(Data records)
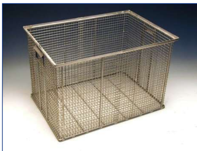
Korb geeignet für Röhrradanlagen
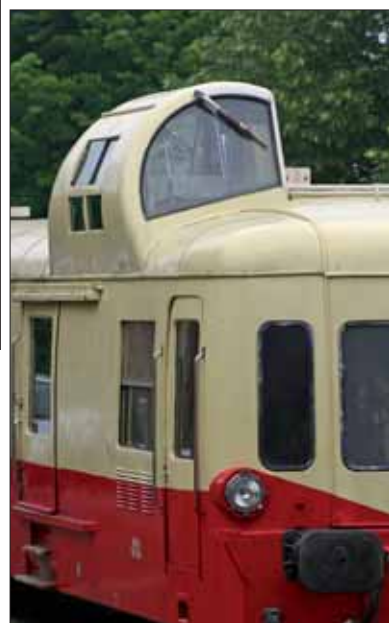
Des couleurs vives et une position surélevée et dissymétrique du poste de pilotage ont valu à cet autorail le surnom de « Picasso ».
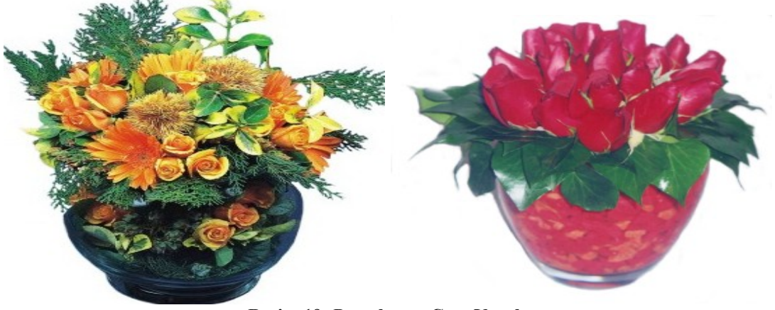
Resim 19: Porselen ve Cam Vazolar

Canlı veya cansız çiçekleri bir araya koymak için kullanılan farklı farklı büyüklükte, renkte, ölçüde, şekilde, desende olan cam, porselen, metal, toprak, pirinç gibi malzemelerden yapılan kaplardır (Resim 19).
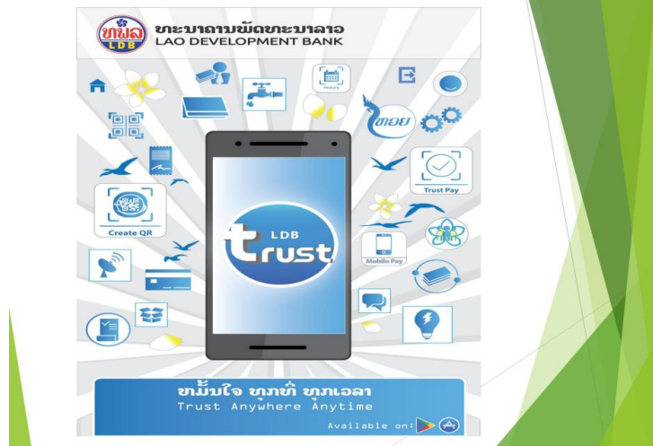
ภาพที่ 1 ระบบรับเงิน-จ่ายเงินผ่านธนาคารของลาว
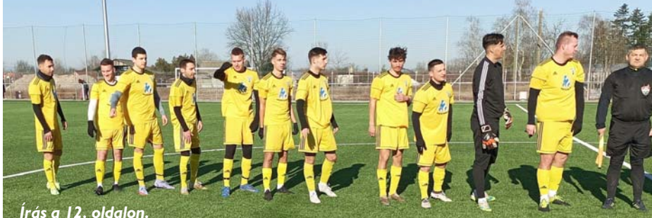
Írás a 12. oldalon.
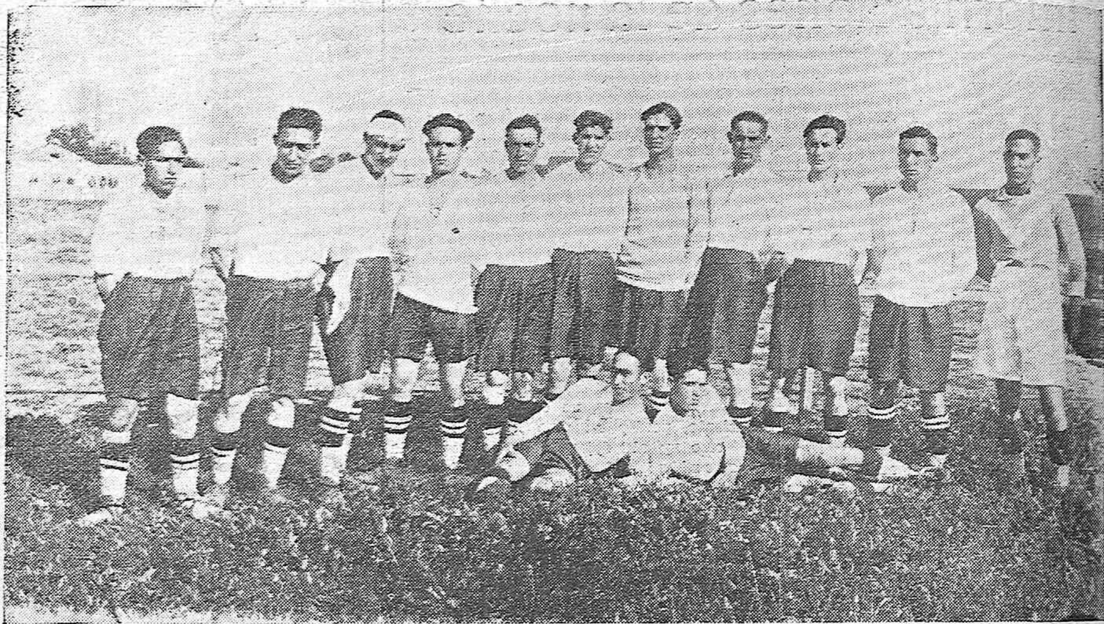
EL NUEVO EQUIPO UNIÓN DEPORTIVA FERROVIARIA, QUE JUGÓ POR VEZ PRIMERA EN LA INAUGURACIÓN DEL CAMPO DEL R. S. C.
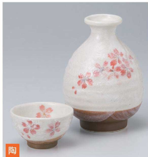
陶 245-205-523 1,700円 平安桜 玉徳利(9×12×360cc) 245-206-523 700円 平安桜 グイ呑(6.5×3.9×60cc)
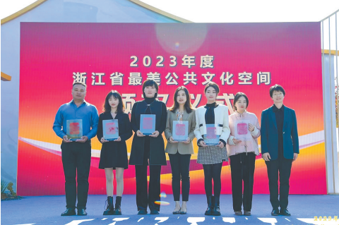
浙江自然博物院安吉馆荣获2023年度“浙江省最美公共文化空间”最佳示范奖
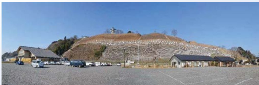
H25.11 災害関連等緊急砂防事業竣工(さくら市倉ヶ崎)

**EXERCISE DESCRIPTION**. Transcribe all records verbatim, no pictures.

**RESPONSE AREA**.
Korb geeignet für Röhrradanlagen
Des couleurs vives et une position surélevée et dissymétrique du poste de pilotage ont valu à cet autorail le surnom de « Picasso ».
Resim 19: Porselen ve Cam Vazolar

Canlı veya cansız çiçekleri bir araya koymak için kullanılan farklı farklı büyüklükte, renkte, ölçüde, şekilde, desende olan cam, porselen, metal, toprak, pirinç gibi malzemelerden yapılan kaplardır (Resim 19).
ภาพที่ 1 ระบบรับเงิน-จ่ายเงินผ่านธนาคารของลาว
Írás a 12. oldalon.
EL NUEVO EQUIPO UNIÓN DEPORTIVA FERROVIARIA, QUE JUGÓ POR VEZ PRIMERA EN LA INAUGURACIÓN DEL CAMPO DEL R. S. C.
陶 245-205-523 1,700円 平安桜 玉徳利(9×12×360cc) 245-206-523 700円 平安桜 グイ呑(6.5×3.9×60cc)
浙江自然博物院安吉馆荣获2023年度“浙江省最美公共文化空间”最佳示范奖
H25.11 災害関連等緊急砂防事業竣工(さくら市倉ヶ崎)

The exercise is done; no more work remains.